- [Provided data]:
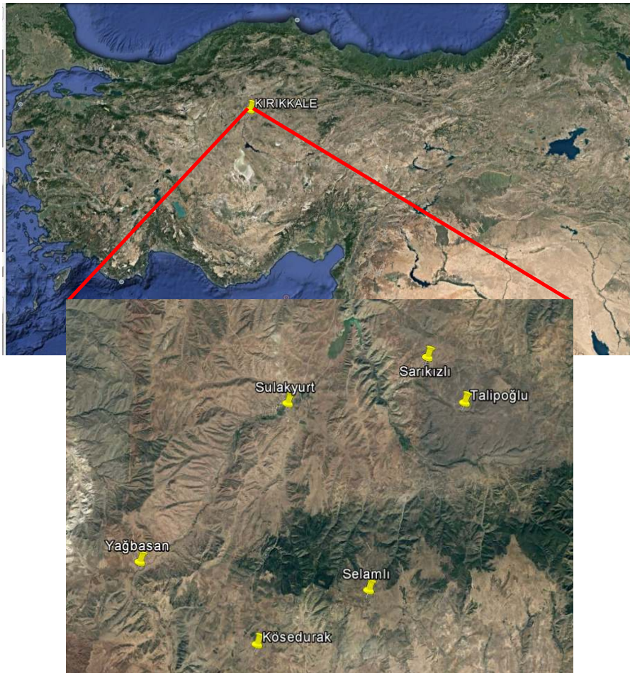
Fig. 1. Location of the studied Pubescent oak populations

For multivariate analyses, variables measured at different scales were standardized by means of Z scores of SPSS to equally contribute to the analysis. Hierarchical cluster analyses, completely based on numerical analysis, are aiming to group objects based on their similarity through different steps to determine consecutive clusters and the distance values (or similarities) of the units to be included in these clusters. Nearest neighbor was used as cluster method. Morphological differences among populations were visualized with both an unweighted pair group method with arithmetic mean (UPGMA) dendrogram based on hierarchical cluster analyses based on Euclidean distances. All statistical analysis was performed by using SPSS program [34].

---

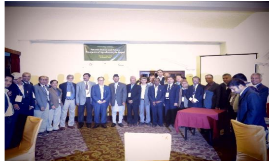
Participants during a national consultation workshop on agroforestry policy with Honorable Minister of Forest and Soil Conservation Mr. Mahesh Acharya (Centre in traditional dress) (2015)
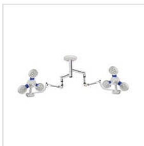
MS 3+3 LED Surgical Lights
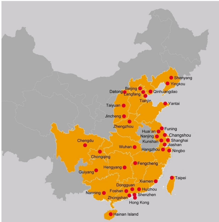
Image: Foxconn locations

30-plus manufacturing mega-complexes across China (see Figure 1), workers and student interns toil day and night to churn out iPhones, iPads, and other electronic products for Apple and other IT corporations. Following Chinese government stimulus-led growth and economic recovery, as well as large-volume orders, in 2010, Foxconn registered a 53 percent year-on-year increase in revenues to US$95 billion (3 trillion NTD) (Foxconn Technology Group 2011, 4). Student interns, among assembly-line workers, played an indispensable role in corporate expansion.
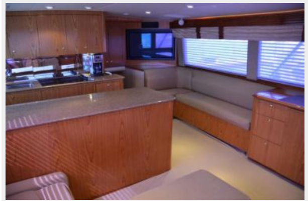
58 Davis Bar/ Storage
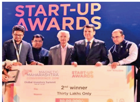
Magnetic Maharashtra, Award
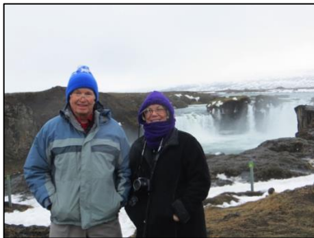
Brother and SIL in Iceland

- [Directions]: A verbatim reproduction is expected: starting at the line above that has "30-plus manufacturing mega-complexes", ending at the line that has "Brother and SIL in Iceland", both included, and with no pictures and no other lines.

- [Answer box]:
30-plus manufacturing mega-complexes across China (see Figure 1), workers and student interns toil day and night to churn out iPhones, iPads, and other electronic products for Apple and other IT corporations. Following Chinese government stimulus-led growth and economic recovery, as well as large-volume orders, in 2010, Foxconn registered a 53 percent year-on-year increase in revenues to US$95 billion (3 trillion NTD) (Foxconn Technology Group 2011, 4). Student interns, among assembly-line workers, played an indispensable role in corporate expansion.
58 Davis Bar/ Storage
Magnetic Maharashtra, Award
Brother and SIL in Iceland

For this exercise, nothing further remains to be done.